11 Replies to “Listening to ghosts”

  1. I’ve read a handful of diaries of Civil War soldiers (North and South) and parts of Mary Chestnut’s diary.

    I’ve also read several diaries of pioneers and their travels across the plains to Oregon or California.

    I love firsthand accounts of history. And while many entries may be mundane (it snowed today), diaries are one of the few ways we have for understanding our history from a personal POV.

  2. For Jane’s research, I rely on a heavy (expensive) book called The Chronology of Austen, which covers more than just Jane Austen and her immediate family, including lots of cousins and friends and neighbors as well. Some of the interesting bits have come from entries in pocketbooks by family and neighbors, reporting on massive snow and ice storms, on highwaymen in the neighborhood, etc.

    The killer? Knowing Jane kept them, but her sister seems to have destroyed them all – and her own as well. Oh the tales those pocketbooks could have told us!

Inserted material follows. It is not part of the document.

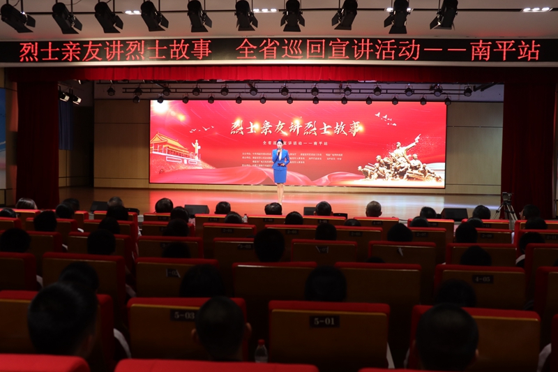 此次宣講活動由省委宣傳部、省退役軍人事務廳、省軍區(qū)政治工作局、福建廣電網(wǎng)絡集團聯(lián)合主辦,福建省烈士紀念設施保護中心、南平市退役軍人事務局、南平市教育局等單位承辦。省退役軍人事務廳黨組成員、副廳長蔡靜南和省、市有關部門領導出席活動。南平一中師生、烈士親友、群眾代表等400余人現(xiàn)場聆聽。
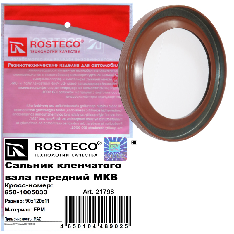 21798 ROSTECO Сальник кленчатого вала передний МКВ 90х120х11 матриал FPM

  3. I’ve got A Narrative of a Revolutionary Soldier by Joseph Plumb Martin. It is a memoir written when he was 70. Haven’t read it yet. I mostly read war memoirs and diaries, since my main interest has been PTSD and there is always evidence of it if you look. I will have to get this one, too, since the Revolutionary War ones seem uncommon.
    I love your historical fiction. You aren’t afraid to tell the truth and show the trauma for what it is: common. Speak, too, and Catalyst.
    All the best.

  4. Another rave for Joseph Plum Martin. The History Channel has a 13-hr series called “Revolution” that quotes from his journal all the way through – by the end of the war you feel you really know him, and through him, the war, so much more vividly.

    And about Gilbert’s diary, I didn’t know “puking” went back that far. “A Very Sick Fitt and Puking” sounds like a perfect YA title.

  5. The OED lists the first written reference in 1601, in an English translation of Pliny, “It helpeth them that puke vp choler.”

    OED also says “related to Dutch spugen to spit, to vomit” or “German spucken to spew, spit”

    “Pukishness”is found as early as 1581.

  6. Great-grandfather’s diary

    One of my family’s treasures is the diary kept by my great-grandfather during the Spanish-American war. Much of it is like the entries you listed above. What I found so interesting about it is that the early entries are more detailed, talking about some of the men in his regiment and the sight-seeing they did when they first got to Manilla. As the war dragged on, and illness took its toll, the entries got more terse and infrequent and the handwriting became harder to read. I could just see him starting off on his grand adventure only to become more and more exhausted as time went on. I guess soldier’s diaries are much the same no matter which war they are in.

  7. Thanks for the history on puke. I love reading through the roots of words in dictionaries, and I’m subscribed to Wordsmith.org’s daily vocab, but that site and the dictionary I have don’t include dates.

    Just looked up the OED on Amazon – do you have the 20 volume set, the magnifying glass version, or the software?

  8. I have a monthly subscription to the online version. One of my fantasies is to own the whole enchilada – complete with magnifying glass.

  9. And another thumbs-up for Joseph Plumb Martin, from me.

    I wonder if anyone has thought to do a website pulling in accounts of the weather from various historical sources so there would be a way of comparing them. Like on one of those days, you could look at this guy’s “very cold” and see that on the same date 150 miles away it was measured at 7 degrees. Rather like the date-converters and currency-converters that tell what that’s worth in modern money.